• [Exercise brief]
Only the text of the records belongs in the answer, copied exactly and without pictures.

• [Entries shown]
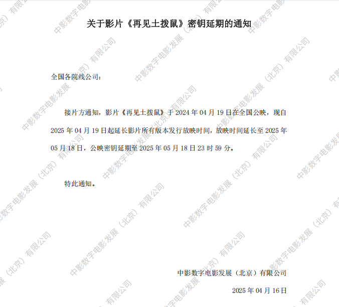 《再见土拨鼠》调整票房结算标准的通知
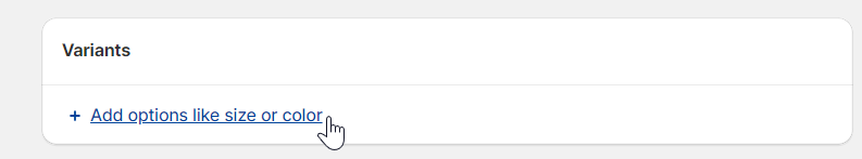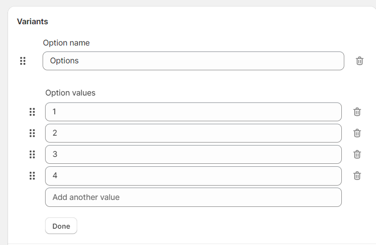 Click on "+ Add options like size or color". Type the option name as you wish, we will use "Options" as the sample. Add the option values and click on Done.
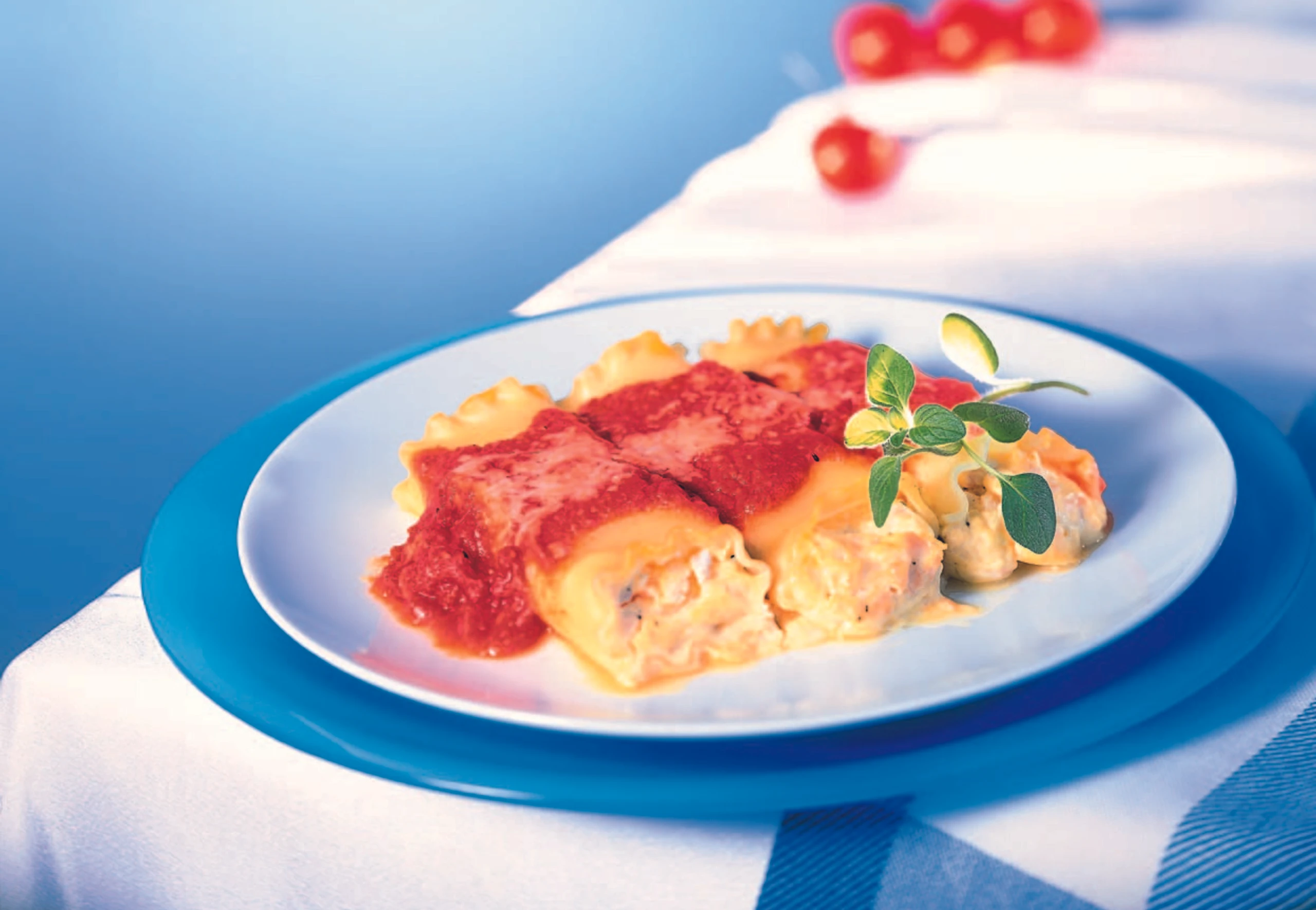 Die Fülle den Längsseiten entlang auf den Teigblättern auftragen. Teig über die Fülle einrollen und mit der Naht nach unten in die Form schichten. Cannelloni mit der Paradeissauce übergießen, mit dem übrigen Käse bestreuen und im vorgeheizten Rohr (mittlere Schiene / Gitterrost) ca. 20 Minuten backen.
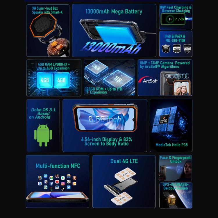 21. Protection: IP68/IP69K / MIL-STD-810H Waterproof Dustproof Shockproof
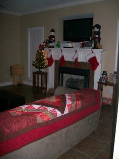 I love the fireplace, it makes me feel all warm and cozy. Becky is a great lady and has a lot of talent. With all she is going through she has remained so close to God, she is so strong. The quilt looks great in you house.
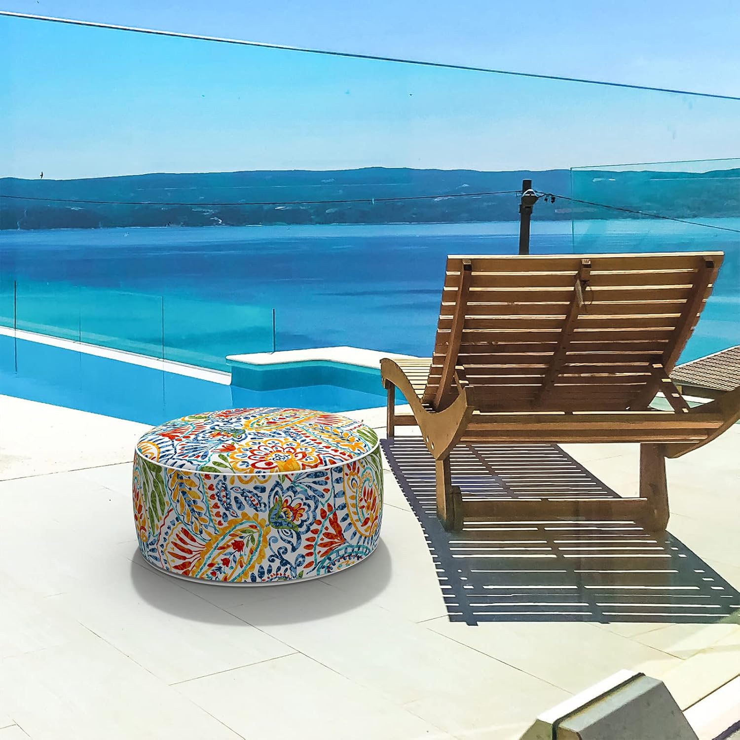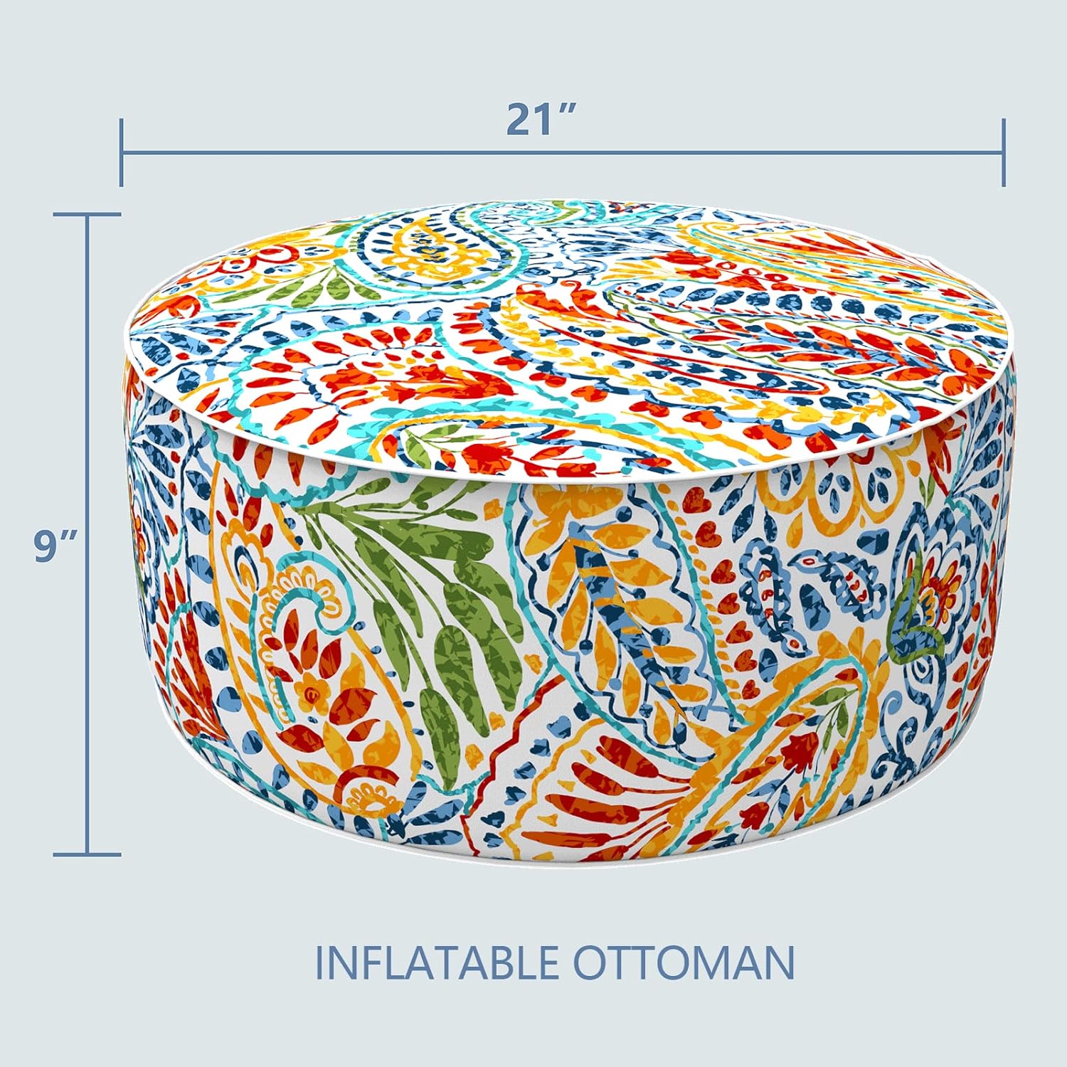 LVTXIII Indoor/Outdoor Inflatable Ottoman, All Weather Round Footrest Stool D21”x H9”, Portable for Patio Garden Camping or Home-Paisley Ummi Multi
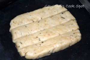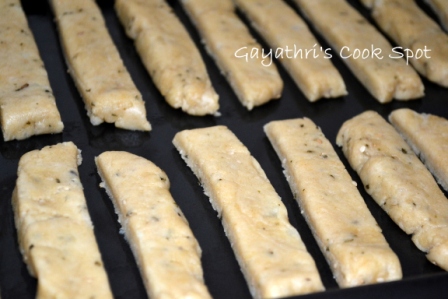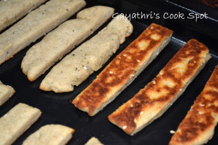 Procedure: 1. Mix all the dry ingredients. Add potato and mix it well. 2. Add the oil and knead to form a soft dough. 3. Divide into 5 equal parts. 4. Roll out each ball into a square of 11cm*9cm. 5. Cut them into 4 equal stripes each measuring 11cm*2 1/4cm. 5. Preheat oven to 200C. 6. Place the stripes on a greased tray. 7. Bake for 20minutes. In between rotate the tray once for even browning. The top will not change colour. 8. After 20minutes, flip the sticks so that the top goes to bottom for browning. 9. Bake for 10minutes. 10. Remove tray from oven and keep it aside for 5 minutes. 11. Serve crunchy sticks along with coffee or tea.
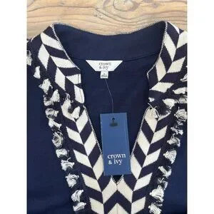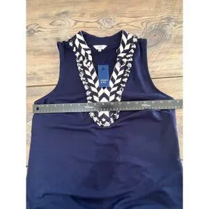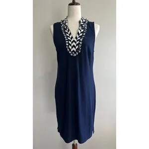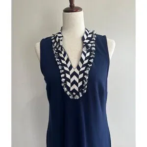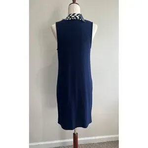 Crown and Ivy Sleeveless Shift Dress Womens S Navy V-Neck Stetch Coastal Core
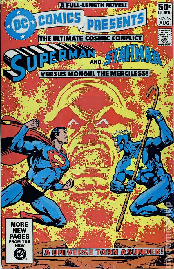 Direct Edition. Whatever Happened to Starman? - Written by Jim Starlin (co-plot) and Paul Levitz (co-plot and script). Art and Cover by Jim Starlin. A full-length novel! Superman and Starman team up to battle Mongul and rescue Starman's beloved Merria. Characters in this issue: Superman; Starman [Prince Gavyn]; Mongul (villain); Lady Merria; Jediah Rikane; Mn'Torr; Clryssa (flashback); Lord Protector Oswin (flashback). Also: Aquaman in 1-page Hostess Twinkies ad "Pirates' Gold" with pencils by Curt Swan. 32 pages, full color. Cover price $0.50.
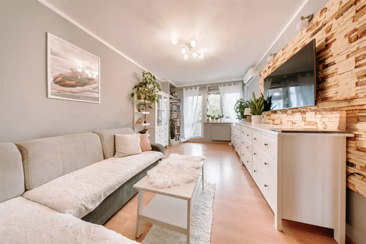 Rolety zewnętrzne, klimatyzacja w salonie, duża bo prawie 7 metrowa piwnica, świetny rozkład- to tylko niektóre atuty tego mieszkania.

• [Task answer]
 《再见土拨鼠》调整票房结算标准的通知
 Click on "+ Add options like size or color". Type the option name as you wish, we will use "Options" as the sample. Add the option values and click on Done.
 Die Fülle den Längsseiten entlang auf den Teigblättern auftragen. Teig über die Fülle einrollen und mit der Naht nach unten in die Form schichten. Cannelloni mit der Paradeissauce übergießen, mit dem übrigen Käse bestreuen und im vorgeheizten Rohr (mittlere Schiene / Gitterrost) ca. 20 Minuten backen.
 21. Protection: IP68/IP69K / MIL-STD-810H Waterproof Dustproof Shockproof
 I love the fireplace, it makes me feel all warm and cozy. Becky is a great lady and has a lot of talent. With all she is going through she has remained so close to God, she is so strong. The quilt looks great in you house.
 LVTXIII Indoor/Outdoor Inflatable Ottoman, All Weather Round Footrest Stool D21”x H9”, Portable for Patio Garden Camping or Home-Paisley Ummi Multi
 Procedure: 1. Mix all the dry ingredients. Add potato and mix it well. 2. Add the oil and knead to form a soft dough. 3. Divide into 5 equal parts. 4. Roll out each ball into a square of 11cm*9cm. 5. Cut them into 4 equal stripes each measuring 11cm*2 1/4cm. 5. Preheat oven to 200C. 6. Place the stripes on a greased tray. 7. Bake for 20minutes. In between rotate the tray once for even browning. The top will not change colour. 8. After 20minutes, flip the sticks so that the top goes to bottom for browning. 9. Bake for 10minutes. 10. Remove tray from oven and keep it aside for 5 minutes. 11. Serve crunchy sticks along with coffee or tea.
 Crown and Ivy Sleeveless Shift Dress Womens S Navy V-Neck Stetch Coastal Core
 Direct Edition. Whatever Happened to Starman? - Written by Jim Starlin (co-plot) and Paul Levitz (co-plot and script). Art and Cover by Jim Starlin. A full-length novel! Superman and Starman team up to battle Mongul and rescue Starman's beloved Merria. Characters in this issue: Superman; Starman [Prince Gavyn]; Mongul (villain); Lady Merria; Jediah Rikane; Mn'Torr; Clryssa (flashback); Lord Protector Oswin (flashback). Also: Aquaman in 1-page Hostess Twinkies ad "Pirates' Gold" with pencils by Curt Swan. 32 pages, full color. Cover price $0.50.
 Rolety zewnętrzne, klimatyzacja w salonie, duża bo prawie 7 metrowa piwnica, świetny rozkład- to tylko niektóre atuty tego mieszkania.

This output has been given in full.